By Michael Mink | news.investors.com
Published: November 12, 2013

adaptYou don't arrive as a top leader and stay there by osmosis. The best constantly evolve and work to become better. Tips:

Raise the bar. Set high expectations for your people, says Julie Straw, lead author of  "The Work of Leaders." Followers want bosses who do this. According to Straw, based on her research of 3,574 responders, 86% of leaders who set high expectations were rated as good. For those who set low expectations, just 12% were rated highly.

"Setting high expectations doesn't make you unlikable; the opposite is true," she told IBD. "For high-expectation leaders, 91% of people said, 'I enjoy working with him/her.' For low-expectation leaders, this number drops to 42%."

Share your plan. Talk and listen to people at all levels of your firm. Explain your reasons for doing things. "People are more likely to buy in if they understand where you're going, and they're more likely to contribute if you listen to their ideas, feedback and questions," Straw said.

She has the numbers to back up her claims: 87% of top-rated leaders created a strong vision for their group. Among midrated leaders, this number dropped to 32%; for low-rated leaders, 10%. "You can be an average leader without vision, but you will never be great," she said. "Vision is one of the clearest differentiators between the novice leader and the experienced."

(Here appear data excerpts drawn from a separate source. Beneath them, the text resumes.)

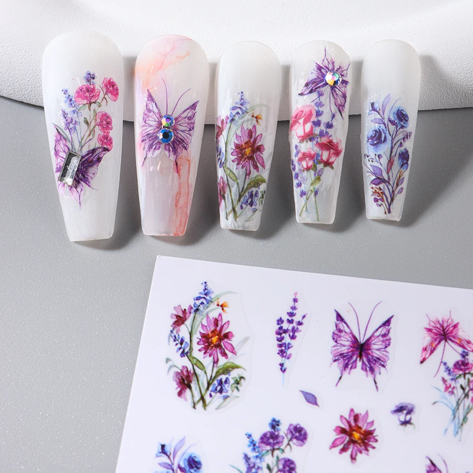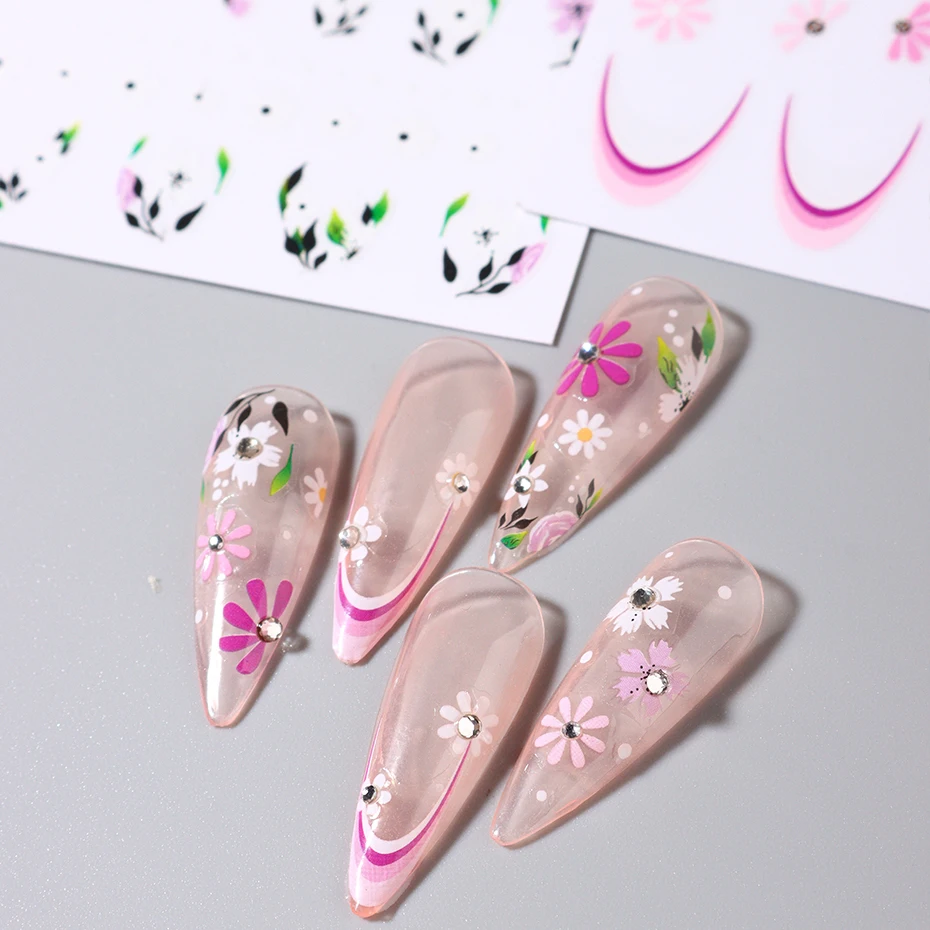 Spring Flowers 3D Nail Stickers Simple Summer Blossom Floral Tulip Fruit Nail Art Decals Adhesive Sliders Manicure Decorations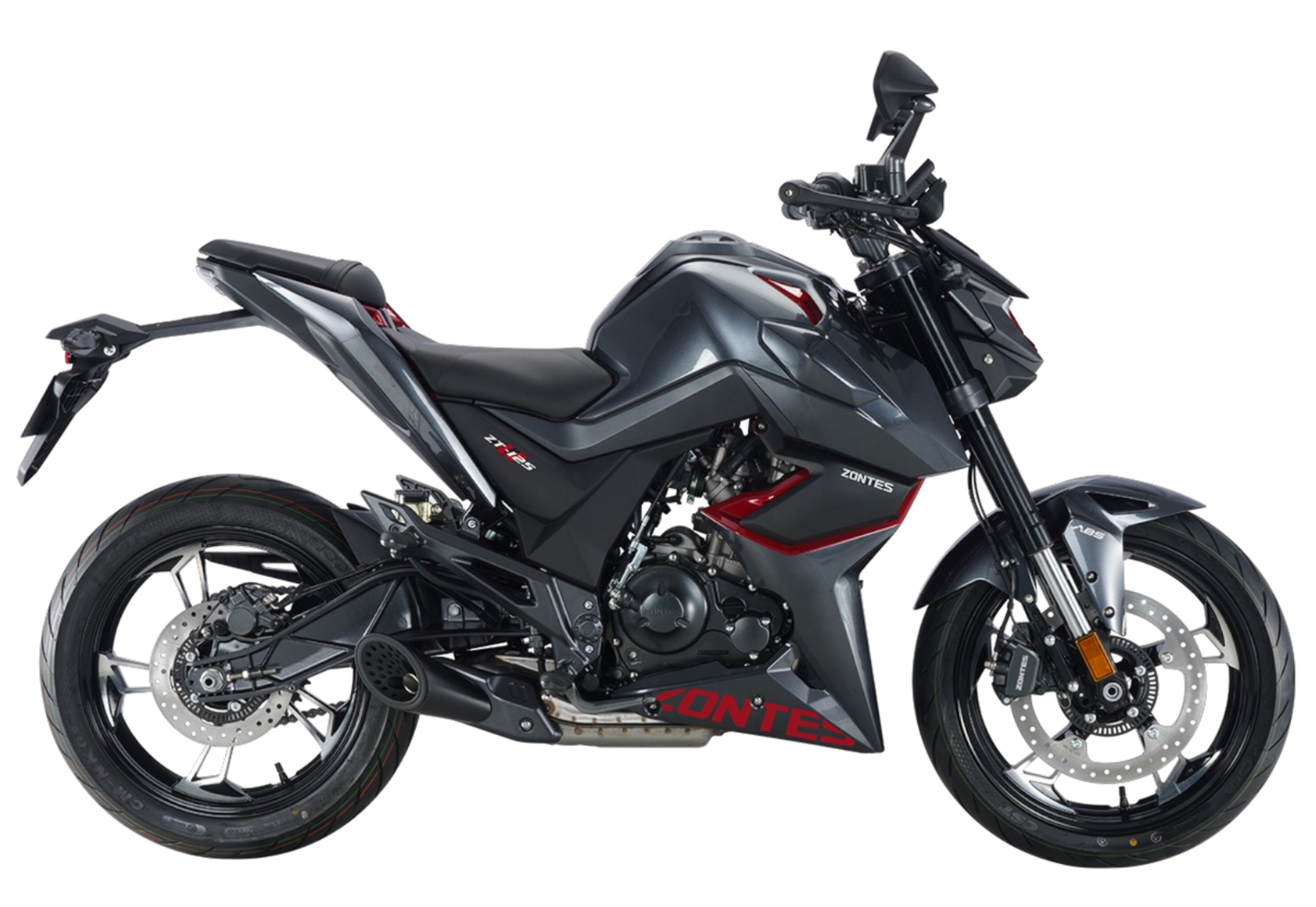 Мотоцикл ZONTES ZT125-U – лёгкий нейкед со стремительным и современным дизайном. Хорошо подходит как для поездок в городской среде и маневрирования в межрядье.Силовая установка представлена одноцилиндровым 4-тактным двигателем ZT152MI с 4 клапанами и 2 верхними распредвалами. Двигатель имеет объём 125 см³ и обеспечивает мощность в 15 л.с. Оснащён инжектором BOSCH и системой жидкостного охлаждения. Механическая коробка передач имеет 6 ступеней и схему 1-N-2-3-4-5-6.Объём топливного бака 12 литров.Колёса выполнены из литого алюминия и имеют диаметр 17 дюймов. Для подвески спереди используется классическая телескопическая вилка, сзади – моноамортизатор. Для торможения установлена дисковая гидравлическая система.В конструкции мотоцикла используется пространственная трубчатая рама из стали. Минималистичная выпускная система также выполнена из нержавеющей стали. Для освещения используется яркая LED-оптика, а приборная панель представлена цифровым дисплеем. Рычаги тормоза и сцепления оснащены защитными скобами.Габариты мотоцикла 2000х845х1105 мм. Колёсная база 1355 мм. Высота по седлу 790 мм. Вес 140 кг..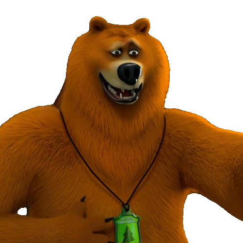 Grizzy the bear from Grizzy and the Lemmings laughs heartily with a wide, happy smile.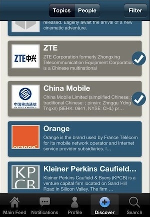 不过,两者的操作并不一样。在 Wavii 中,不管是任何感兴趣话题的新闻,都会统一按照时间在主界面上排列,不提供话题分类;而 Zite 则提供话题分类,用户要选取相应的分类,才能阅读相应话题的新闻。最大的分别还在于它们的信息来源,Wavii 依赖于用户个人在 Facebook 所发布的信息,而 Zite 则从 Google Reader 和 Twitter 或是更广阔的网络中截取素材。此外,Wavii 不但能够让用户跟随自己喜欢的话题,还能让用户跟随自己喜欢的人。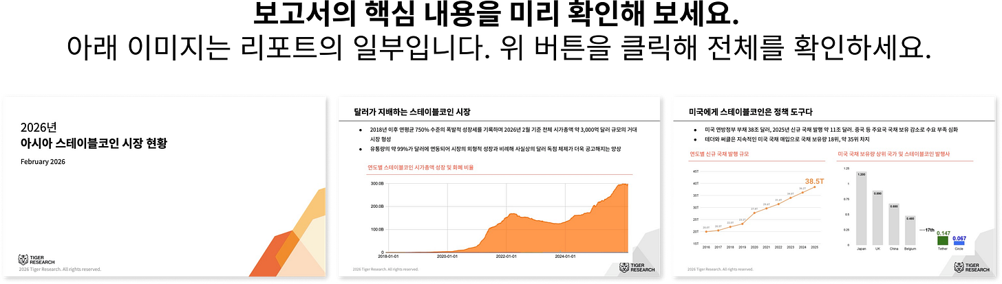 결국 미국 정부 입장에서 달러 스테이블코인은 새로운 디지털 결제 수단이기도 하지만, 국채 판매 채널이자 달러 패권을 유지하는 정책 도구이기도 하다.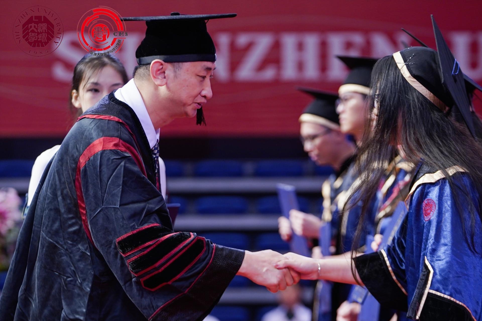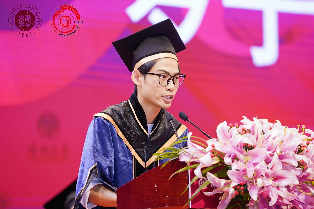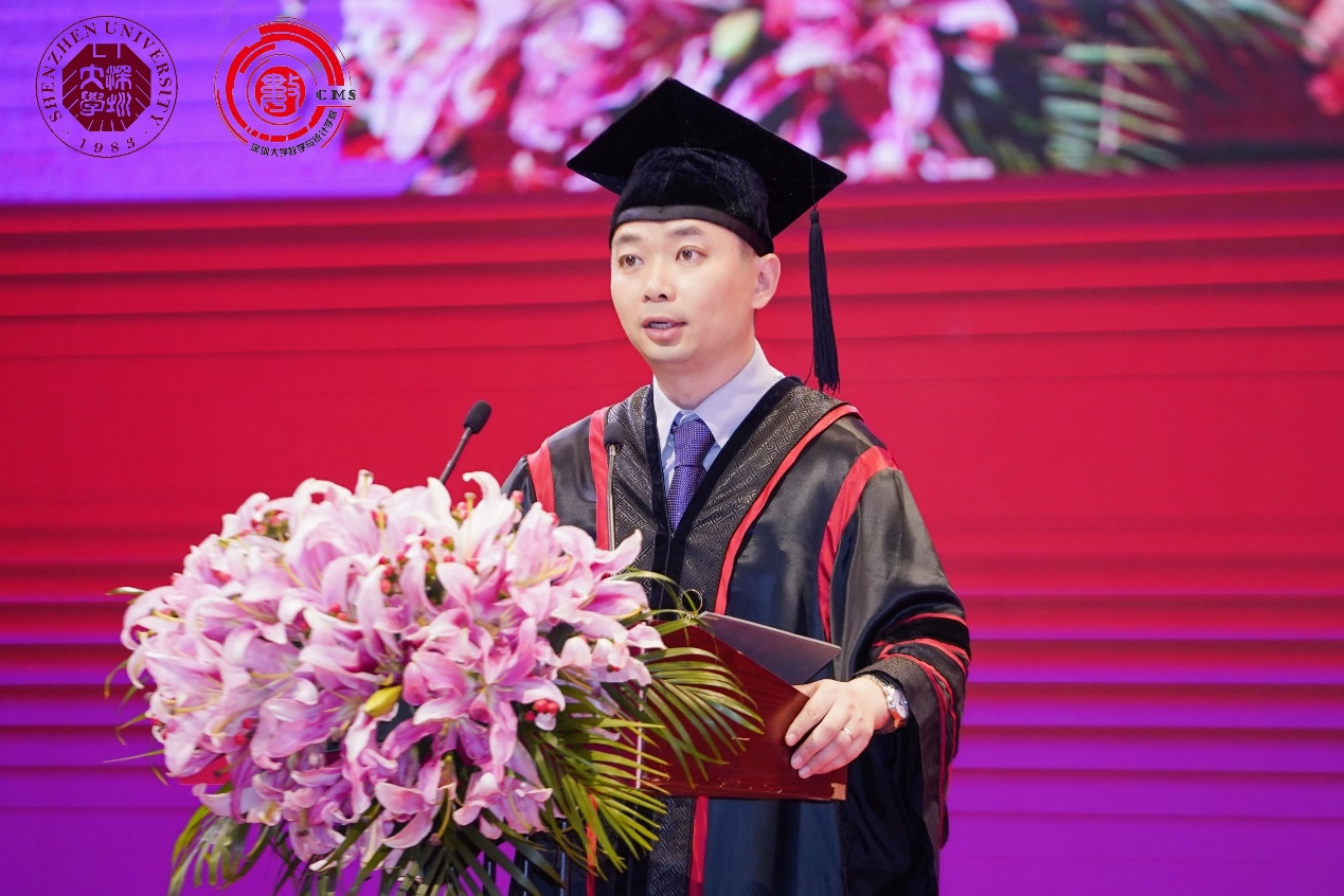 校友代表96级数学教育专业陈海平校友向毕业生们分享了自己的校园故事。他提到,虽然离开深大校园20余年,但荔园情深,时常忆起校园学习生活的点滴场景。他向毕业生们表达了美好的祝福,希望同学们前途似锦,未来多彩绚烂、手摘星河,也愿大家在未来的人生中尽性、知命,心有所戒,行有所止,坚守底线不乱作为,豪迈有力、奋发有为,教日月换新天。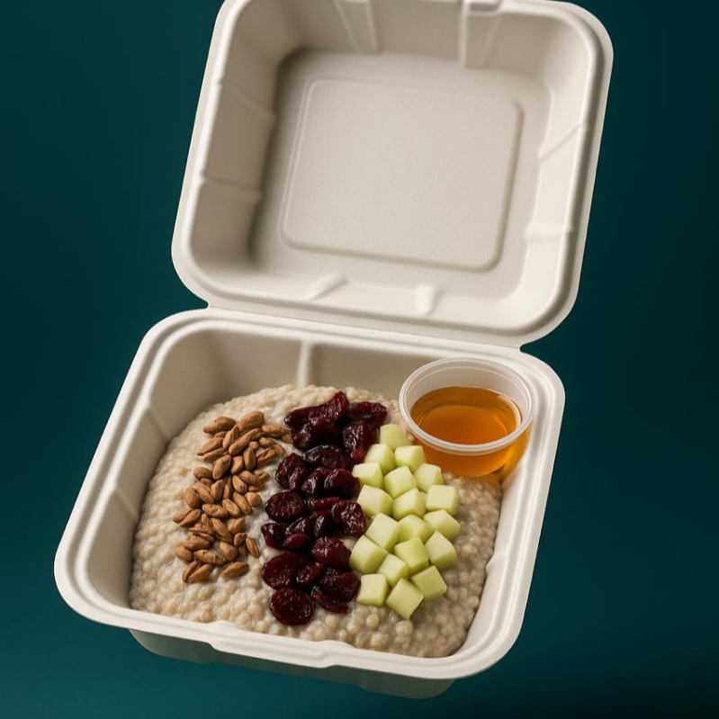 Avena, leche endulzada con vainilla y canela, acompañada de manzana, árandanos, nuez y miel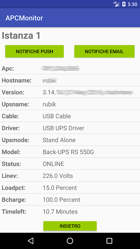 ATTENZIONE: l'applicazione necessita di comunicare con un'applicazione web da installare su un dispositivo connesso fisicamente al gruppo di continuità. Le autorizzazioni per IMEI e Phone ID vengono usate per associare i dati per l'invio delle notifiche push sui dispositivi. Tali dati vengono salvati nell'applicazione web che dovrà essere gestita da sistemi esterni di vostra proprietà.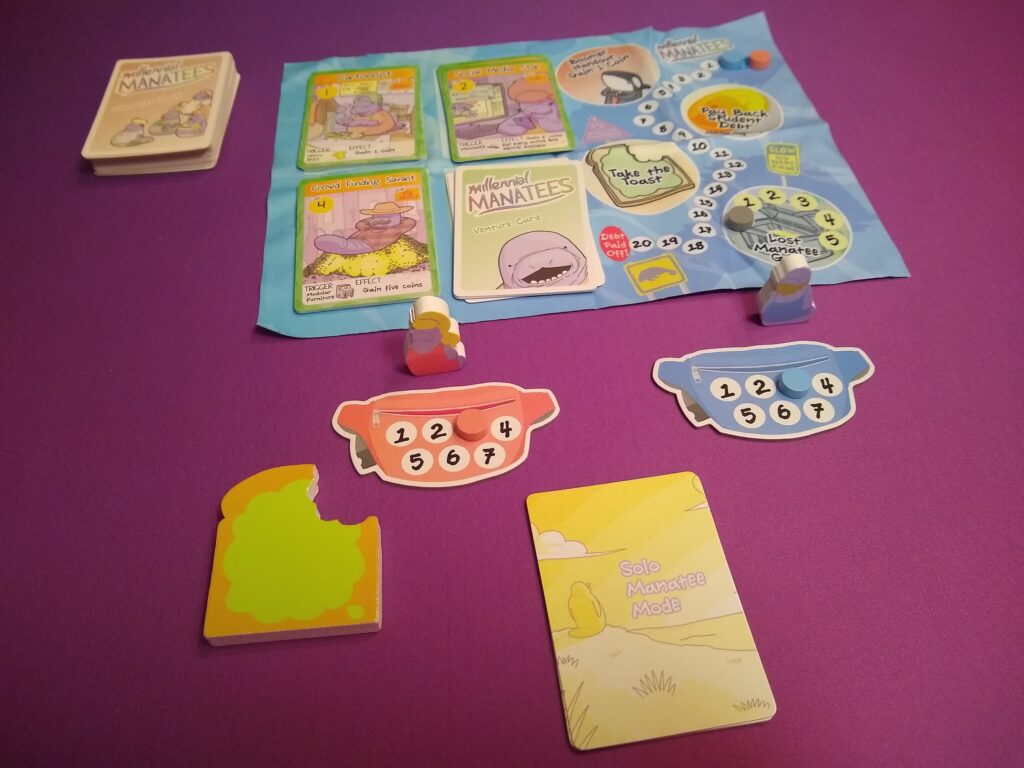 Solo: Very solid solo mode that I really enjoyed. You can play against 1-3 AI manatees. There is a small deck of cards and each AI turn, you flip a card and do the first action possible for them. It’s very smooth and simple, there’s nothing convoluted to do or remember for the player, and it still gives the player room for strategy because they still need to be aware of what the AI manatees are doing and plan the best times to take certain actions themselves, especially paying debt.

Share it. Create openings for collective success, suggests Judith Glaser, author of  "Conversational Intelligence." Then reward everyone when it happens. "During the Chrysler turnaround (of the early 1980s), Lee Iacocca asked for 'an equality of sacrifice,' ranging from the executive suite to the assembly line," she said. "When the company became profitable, every employee received a generous bonus."

Talk from the heart. Take it from the 40th president, said Glaser: "Ronald Reagan never engaged in abstractions."

Educate. Be a mentor or set up a mentoring program. Straw and her co-authors asked people what experiences had the most value in shaping leadership development. High on the list was having a mentor.

Inspire. Leading is about relationships, Straw said: "It's worth asking yourself: How often do you deliver five positive messages to every negative?" Fail in this, and employees might leave; worse, "they quit and stay."

Follow the golden rule. Leaders who respect others' feelings — plus cut slack for another's imperfections and demonstrate patience — are the ones who thrive, Glaser says. The result is trust.